No one is in denial about Jay-Z’s past. His lyrics are an open book to the lifestyle he lived and while I wouldn’t go so far as to say he glorifies it, he never hid it. There may have been a time early in his career when he did, but let’s not forget this man is 42-years-old and far removed from the drug game. Are the choices he made as teenager and in his twenties going to follow him for the rest of his life because white America can’t stand the fact that white men aren’t the only ones who can pull themselves up by the bootstraps? Jay’s straps may have been on a pair of sneakers he purchased with drug money but it’s unfair to let that distract or take away from the man he’s become and the man he’s been for several years/decades now. It’s cool if Mushnick wants to believe every other white sports team owner got all of their money through legit, unselfish, non-discriminatory business practices but we all know the likelihood that they have a little dirty money on their hands. The post writer is hardly concerned about the detriment Jay-Z’s lyrics are causing the black community, he’s concerned about his encroachment on the 1 percent.

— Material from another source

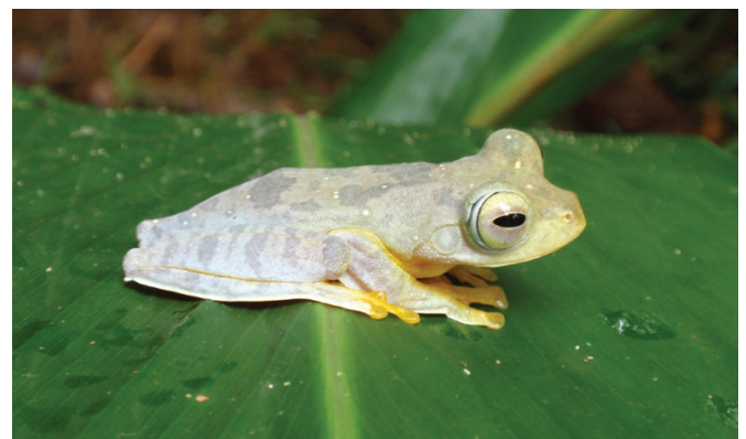
FIGURE 23. Rhacophorus bimaculatus in life (KU 323006; Location 2).

Specimens of this species were collected on the branches and leaves of shrubs near swampy habitat and pools of water in disturbed and secondary-growth forest. This species is known to have a widespread distribution throughout much of the Philippines, and is known to build foam nests on vegetation above stagnant pools of water. Figure 23. Location 2: KU 322207-8, 323006.

It’s that fact that makes it so frustrating for me to read black people’s comments defending the words of Mushnick and other like-minded people. Would I like it if Jay-Z shared his $400 million-plus fortune a little more with the black community? Absolutely. Do I respect his ability to do with his money as he so pleases? Absolutely. Do I admire the hustle and the empire he’s been able to build after rising from a kid born into less-than-sub-par circumstances in Brooklyn? Without a doubt. I’m of the same mind as Jay when he says, “If you don’t like my lyrics you can press fast forward.” His music, specifically his lyricism, is only one part of his success and I hardly think black (or white people) calling us n*ggers or n*ggas is one of our gravest concerns as a community. I also don’t think in this day and age any white person needs the problem with them using that word explained to them no matter who else they hear using it. What the real issue is here is that no matter how far you climb there are going to be people who try to reduce you to being nothing more than a n*gger, as in an ignorant person, even when your accomplishments, as Jay-Z’s do, show you are far more. My simple advice to Mushnick would be to get comfy. There are plenty more so-called n*ggers, Beyotches, and h*es where Jay-Z came from and we want that same success.
Do you take issue with Mushnick’s comments on Jay-Z and the Brooklyn Nets or do you agree with his commentary on the rapper?